Had he at Cashman's going-away? No, and come to think on it, he had been retaining his "humours" like a Catholic monk, lately, abjuring even tame relief in the practice known in the Navy as "Boxing the Jesuit"-the one the physicians and parsons condemned for turning manly youth into feeble wheezers, with hair on their pink palms, too!
Why the Devil not? he asked himself; a man wasn 't made to…
Quickly followed by thoughts of Caroline, and reconciliation… then of Desmond McGilliveray, and even more bastardly gullions turning up fifteen years hence to plague him, hmm… perhaps, sadly, not. It was a mortal pity, for the Antigua ladies were raised right in his estimation, as round-heeled and obliging a pack of "genteel" wantons as anyone could wish for… the sort who'd trip you with a daintily shod foot, then manage to be the first to hit the floor, cunningly asprawl beneath you!
"Anchor's set, sir," Lt. Langlie reported, and Lewrie turned to take note of Langlie's relief; at last, his onerous task of First Officer could ease, in harbour. Well, mostly, anyway. "And the battery is secured from the salute."
"Very well, Mister Langlie," Lewrie replied, leaving his lusty reveries. "We'll row out the stern kedge to… there," he directed, pointing five points off their larboard bows, almost abeam. "We have room to swing by one anchor, but I'd admire did we haul her up so the prevailing wind's off our larboard quarters, for an easy departure in a few days. And not go 'aboard' a nearby ship, do we swing foul."
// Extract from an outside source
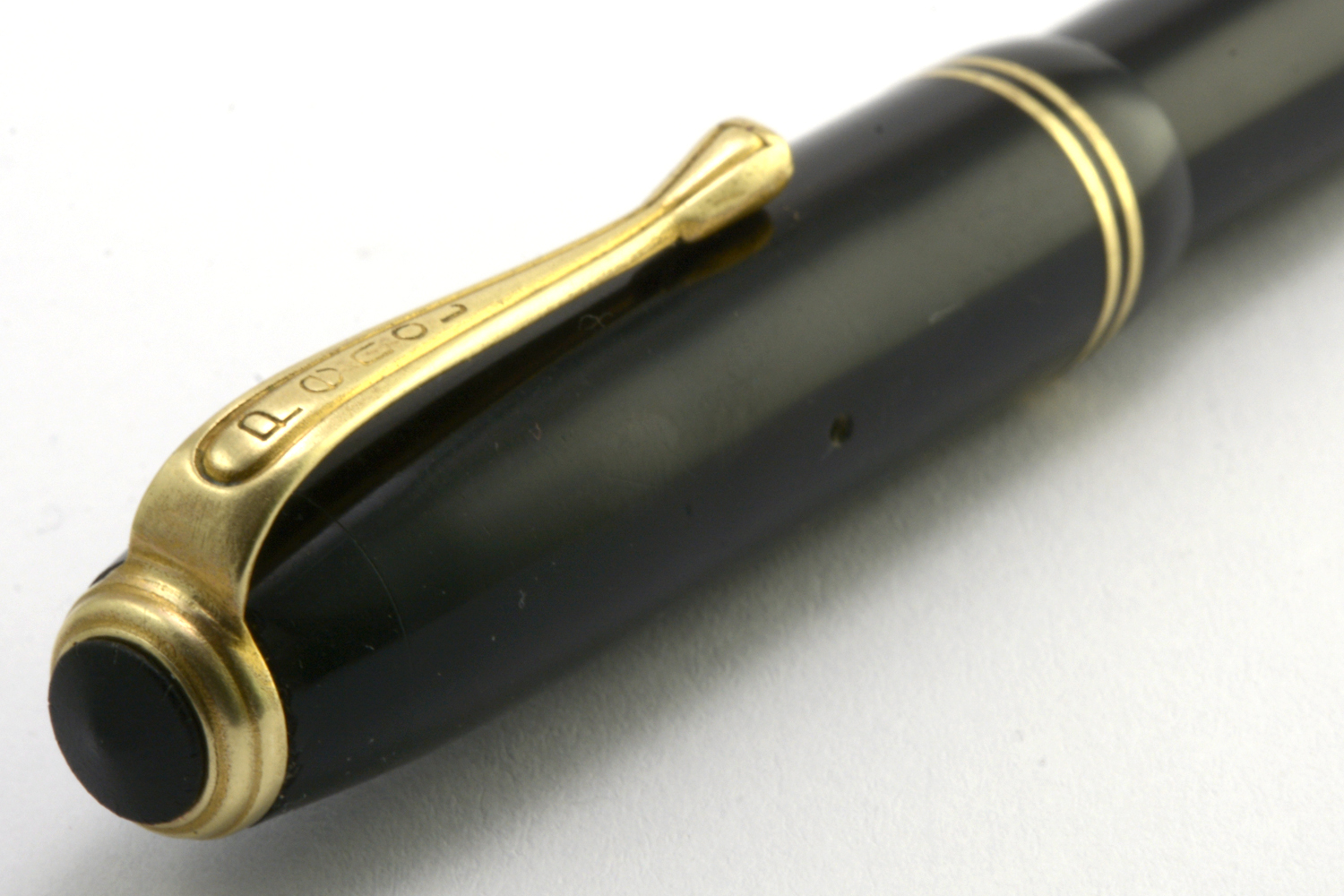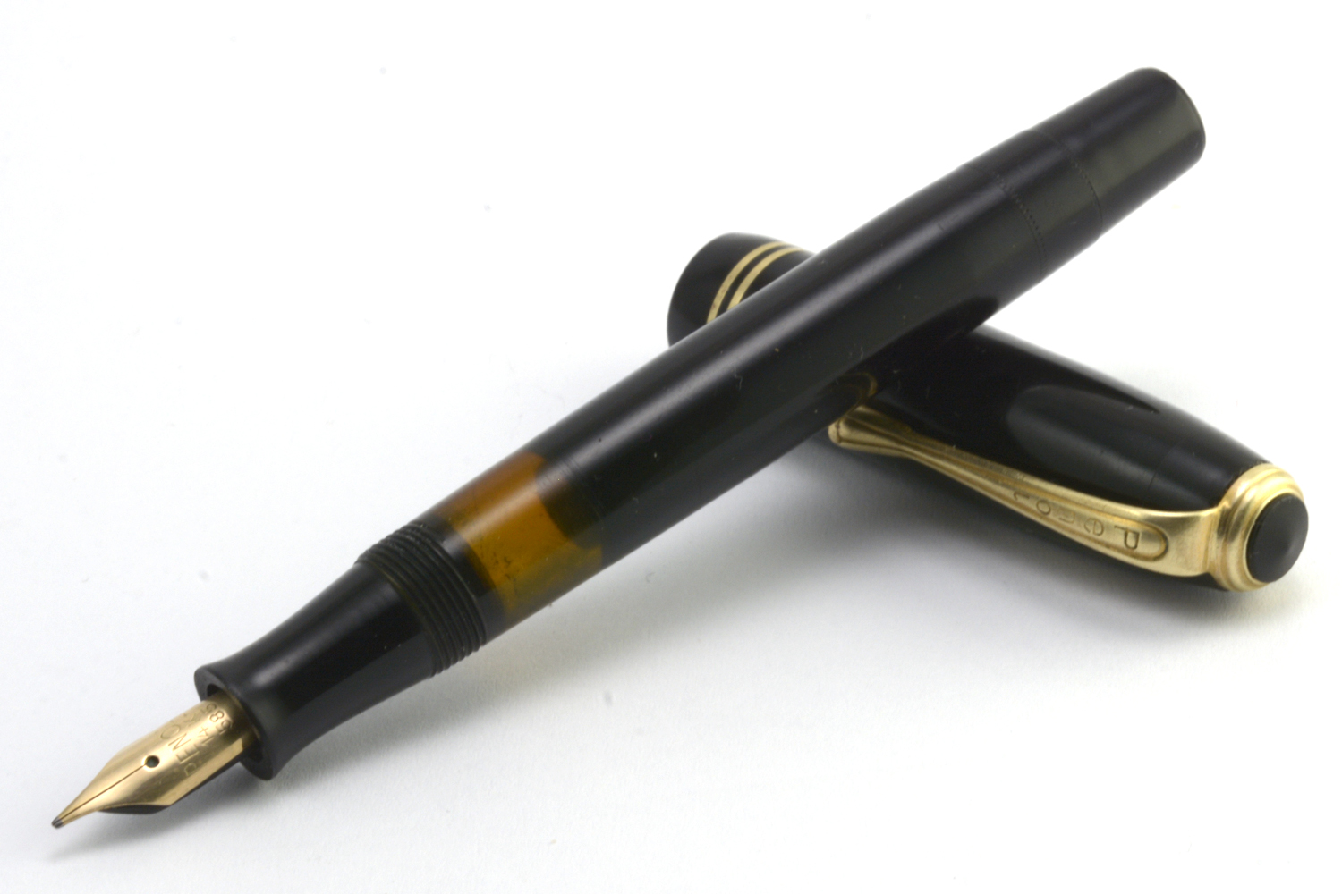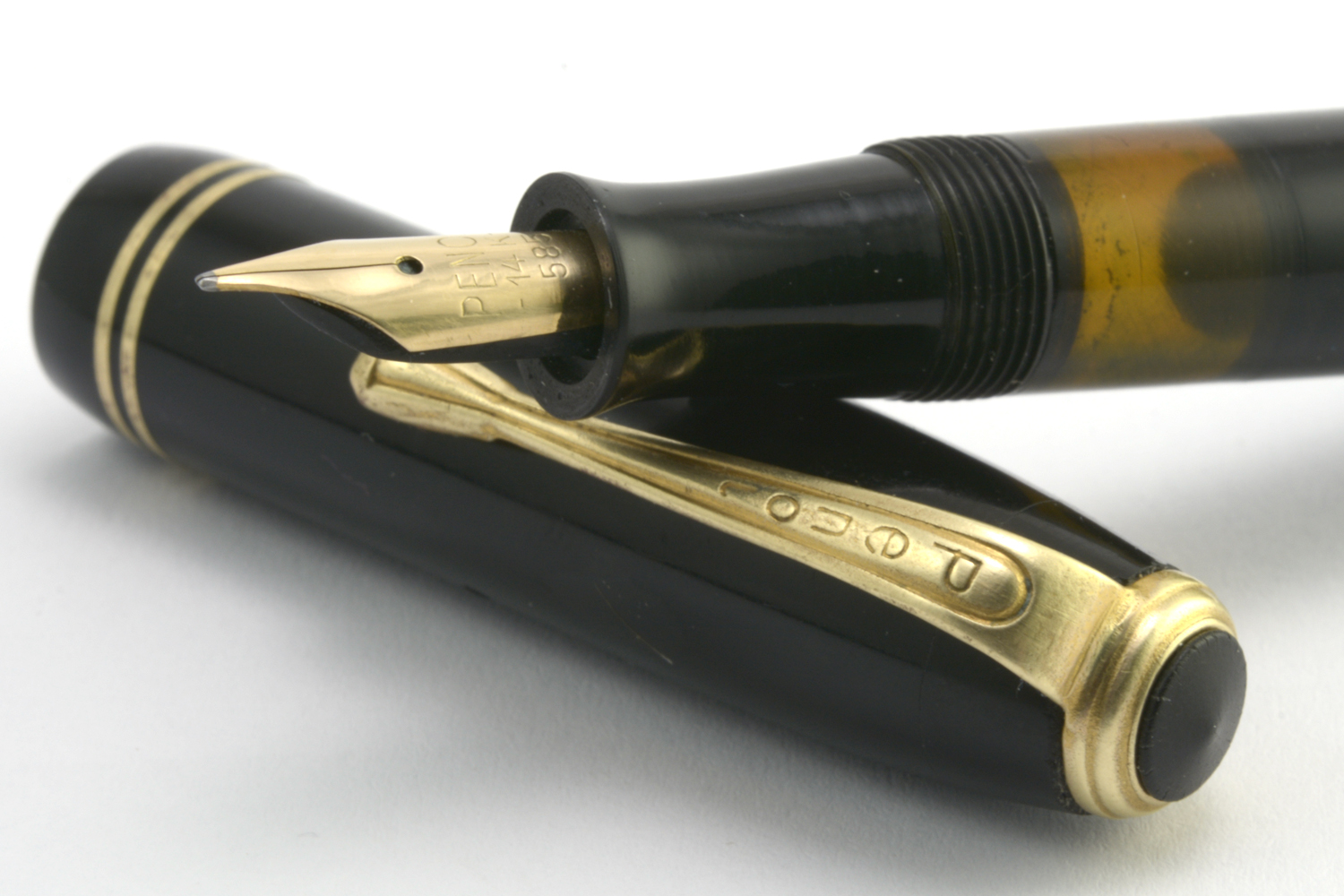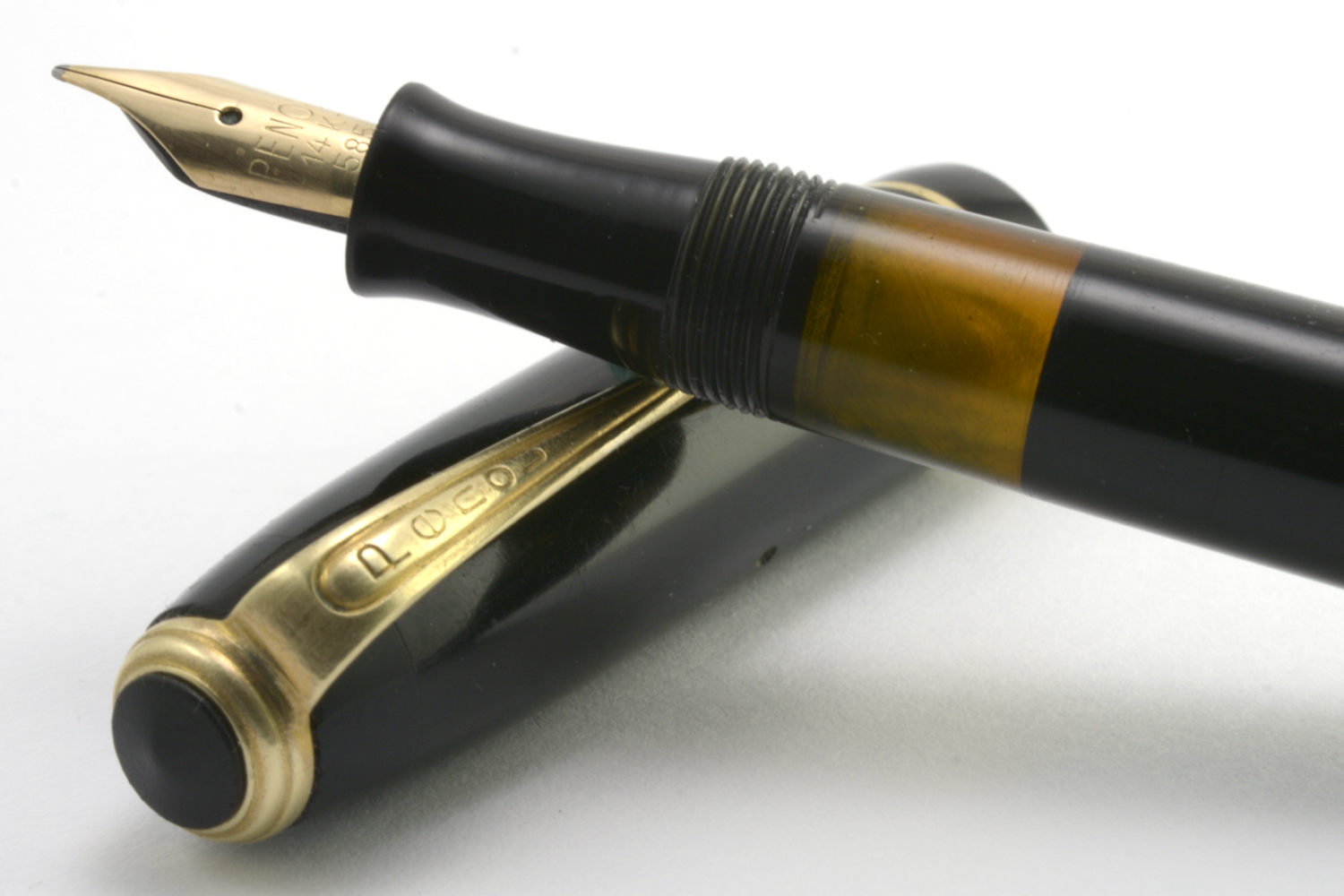 Den här pennan, tillverkad mitt under brinnande krig i juni 1943, är försedd med ett engagerande stift med god flex från F/M-bredd till BB. Vid start kan bläckflödet vara lite trögt men om man inleder skrivandet med en halv sekunds stilla tryck på pappret kommer bläckflödet igång och fungerar därefter klanderfritt, även under relativt snabba penndrag, och kräver inte speciellt stort spetstryck. Vid skrivande finns en viss feedback och spetsen har en svaga misslinjering från en tidigare ägares användande, men detta är inte något som stört när jag använt pennan.

"Aye aye, sir," Langlie said, looking even more relieved.
"Your pardon, Captain, but there seems to be a boat bound for us," Midshipman Elwes announced. "Just there, sir."
Sure enough; once Lewrie had lifted his glass, he could see the colours in the stern-sheets of a large rowing barge, one sporting fully eight oarsmen, a bow-man, a coxswain, and a useless midshipman aft by the tiller, with a Lieutenant seated forward of them, along with another man dressed like some sort of buskined sportsman out for a "shoot" on his private game park.
Commanding Admiral's barge, maybe the Port Captain's, Lewrie intuited; officer a flag-lieutenant, the pasty-faced shorebound sort, but why the civilian!' Lewrie allowed himself a wry smirk, supposing that a functionary from the island's governor-general had been sent out to see what all the fuss was about, and had been caught sitting for a portrait as Nimrod the Mighty Hunter, with fowling-piece, custom rifled musket, a brace of setters at his feet with parrots in their mouths, and all.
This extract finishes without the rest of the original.